The end user may be saddled with an inefficient pump and the possibility of hundreds of thousands of dollars in additional energy and maintenance. This is why using software to model expected flow conditions at various operating points is highly recommended.

Real World Results

According to the Hydraulic Institute’s “Pumping System Optimization,” an evaluation of 1,690 pumps at 20 process plants discovered some alarming results. They found the average pumping efficiency to be below 40 percent. On top of that, more than 10 percent of pumps from that study were less than 10 percent efficient.

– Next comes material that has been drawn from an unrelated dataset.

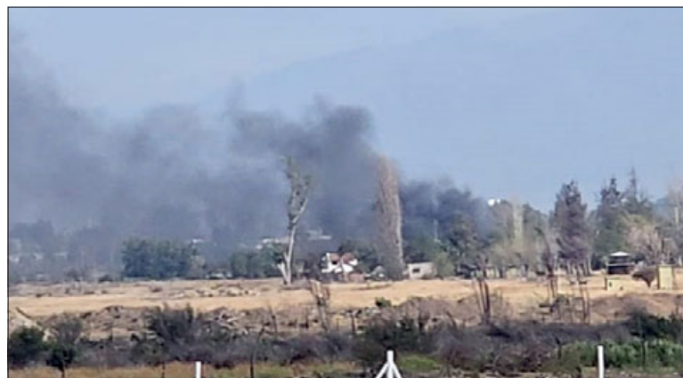
El humo y el fuego eran visibles a varios metros del lugar.

En este contexto, Herrera agregó que «a la llegada del primer carro, se pudo percibir que era una casa de material ligero. Afor-

A major cause was found to be improper pump selection. The general rule is that a pump and motor combo will cost about $1 per day, per horsepower of the motor. While energy costs vary by location, this is a good starting point to begin understanding what potential costs you are facing.

For larger horsepower pumps running inefficiently, the wasted capital is staggering. Energy costs alone are seldom cause for change, much less transformation of an industry.

Once the pumps are installed and running, the energy costs are out of sight and out of mind. There are many other costs in industrial facilities, and discovering the true cost of the pump
is hard when it is buried in an industrial energy bill alongside the high costs of heating, cooling and running the equipment.

There are additional benefits from an optimized system than just energy savings—process quality and quantity for starters. In many instances, systems have been left alone, because they work and managers do not want to endanger the process.

This works if you are satisfied with the status quo. However, slight changes to the system may result in sizable increases in production throughout. When considered over many years, these changes produce dramatic results.

System reliability and reduced maintenance generate some of the biggest savings when the pumping system is running correctly.

From the Barringer curve, we can see that we must operate close to the pump’s BEP in order to maximize our efficiency and mean time between failure of the pump.

Reputable pump manufacturers design their pumps to operate for 20 or more years of operation if done correctly, yet end users are often satisfied with just five years. Costs are also easier to track in parts and labor. The savings opportunity from better maintenance and reliability alone warrants a second look at your pumps and systems.